The pursuit of truly intelligent embodied agents has long been hampered by the need to train disparate, specialized models for perception, reasoning, and action. This fragmentation leads to inefficiencies and limits the holistic capabilities of AI systems. The introduction of Pelican-Unified 1.0 marks a significant departure, presenting the first embodied foundation model built on the principle of unification.
Related startups
Unifying Perception, Reasoning, and Imagination
Pelican-Unified 1.0 leverages a single Visual-Language Model (VLM) to serve as a unified understanding and reasoning module. This VLM maps diverse inputs—scenes, instructions, visual contexts, and action histories—into a shared semantic space. Crucially, it also performs autoregressive chain-of-thought reasoning, generating task- and action-oriented sequences in a single pass. This unified approach allows for the backpropagation of language, video, and action losses into the shared representation, enabling simultaneous optimization of understanding, reasoning, imagination, and action, rather than relying on isolated expert systems.

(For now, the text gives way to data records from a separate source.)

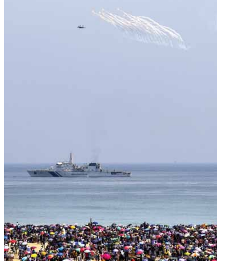
People watch the final rehearsal of Indian Air Force (IAF) aircrafts ahead of its 92nd anniversary celebrations, in Chennai
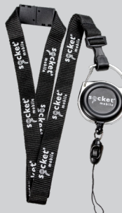
Lanyard - Black AC4100-1692
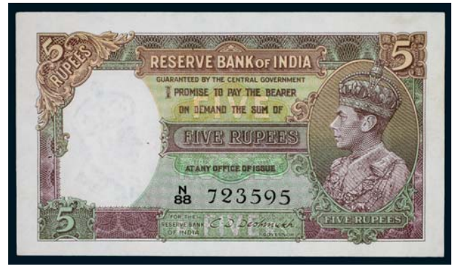
3432* India , Reserve Bank of India, George VI, five rupees, undated (issued 1943), signature C.D.Deshmukh, N/88 723595 (P.18b). Staple holes and spike hole at left, otherwise uncirculated and scarce.
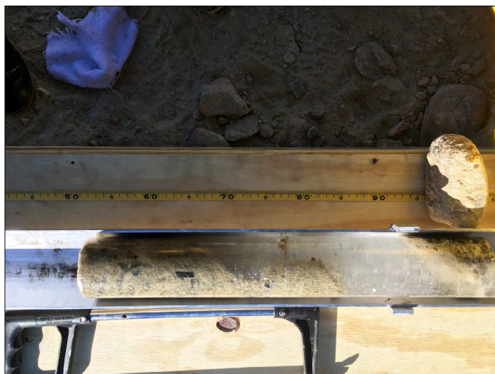
A mixed-media core consisting of ice, silt and rock collected with the Winkie Drill in Ong Valley, Antarctica.
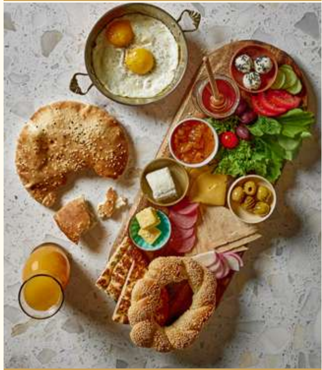
Gabi 1 Person Breakfast فطار جابي شخص
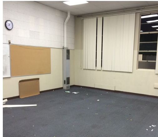
Existing classroom awaiting Modernization start

The first phase of modernization begins in December with work in buildings B1, B3, B5, B6 and the demolition of an existing portable, C7. The Cafeteria, building B2, is part of summer work.
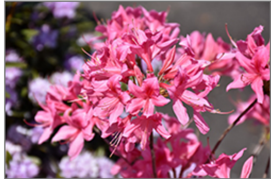
Rosy Lights Azalea flowers

Rosy Lights Azalea is recommended for the following landscape applications;
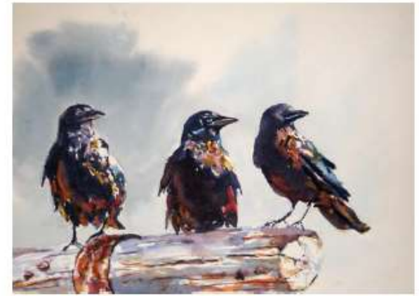
"Crows in a Row"
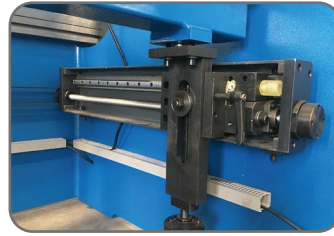
BackGauge with Linear guide
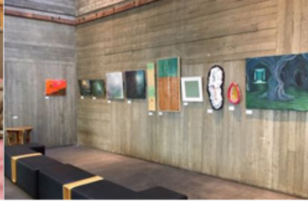
First Fortnight Tea with Clay
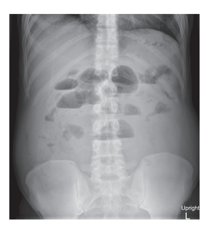
Figure 1, Panel A: Abdominal X-ray showing bowel obstruction.
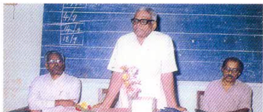
Addressing a meeting
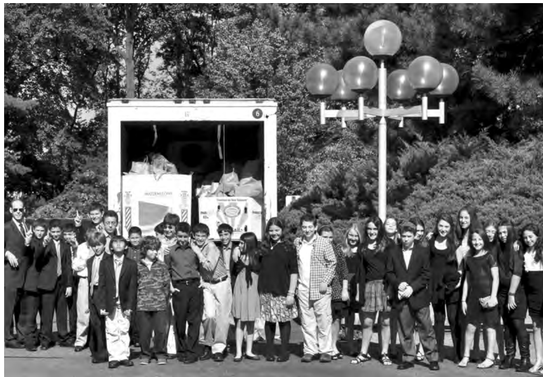
High Holy Day Food Collection

After our 5:30 pm service we'll gather for a festive Shabbat Dinner with music and Israeli Dancing. It's a fun, child-friendly evening. Members new to TBJ since last year will receive a personal invitation to attend. Join with them to make a great evening even better! Reservations forms will be found on line at www.tbj.org . Contact the Membership Committee at membership@tbj.org .

Specialist Strength Without Compromise
Contrary to the intuition that unification might lead to diluted capabilities, Pelican-Unified 1.0 demonstrates that this paradigm can preserve and even enhance specialist performance. A single checkpoint of the model achieved impressive results across multiple domains: 64.7 on eight VLM benchmarks (outperforming comparable-scale models), a first-place ranking of 66.03 on WorldArena, and 93.5 on RoboTwin (second-best among action methods). These findings underscore the efficacy of the unified approach in consolidating complex AI capabilities without sacrificing individual performance.